そして1990年代に入ると、日本ではミニバンや背の高いコンパクトカー、1993年登場の初代ワゴンRで始まった空間効率の優れた軽自動車が人気を集めていく。1994年には初代RAV4が発売され、前輪駆動ベースの都市型SUVも注目され始めた。

これらの新しいカテゴリーが登場すると、第二次世界大戦前から存在するスポーツカーは、旧態依然とした印象になって若い人達から敬遠され始めた。

クルマの価格が上昇 セカンドカーでの所有、困難

スポーツカーには2人乗りも多いから、ファミリーカーとしては使えない。そのためにスポーツカーは、セダンやミニバンを所有するユーザーが、セカンドカーとして購入することが多い。

まさに趣味のツールだが、最近は安全装備の充実や環境性能の向上により、クルマの価格が上昇した。

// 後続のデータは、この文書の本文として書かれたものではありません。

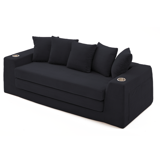[NEW ARRIVED] [VIDEO PROVIDED]82.25' Convertible Sofa Bed,Loveseat Sleeper Sofa,2 in 1 Sofa, Corduroy Pull Out Sofa Bed,5 Pillows , Side Pocket,No Assembly, Two Cup Holders,Wide Armrest,3 Seat,Black
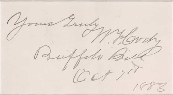 Bold ink signature, “Yours truly, W. F. Cody, Buffalo Bill, Oct. 7th, 1883,” on a white 4 x 2.25 slip. Matted with a color image to an overall size of 13 x 18.75. Light vertical fold, otherwise fine, bright condition. R&R COA.

1990年頃は、初代ロードスターの標準車が170万円で、併用するファーストカーがレガシィツーリングワゴンと仮定して、2.0VZは205万5000円だった。このファースト/セカンドカーの合計価格は約375万円だ。

しかし今は、ロードスターSが255万4200円、レガシィアウトバックは329万4000円だから、合計額は約585万円に達する。

世帯当たりの平均所得は、今も1990年頃と同程度だが、クルマの価格は1.2~1.5倍になった。そうなるとユーザーは、愛車を乗り替える時に、クルマのサイズを小さくするしかない。そこで「ダウンサイジング」が進んだ。

よくいわれる環境意識の向上も嘘ではないが、小さな車種が売れ筋になった一番の理由は、クルマの価格高騰だ。この状況でスポーツカーを買うのは難しいだろう。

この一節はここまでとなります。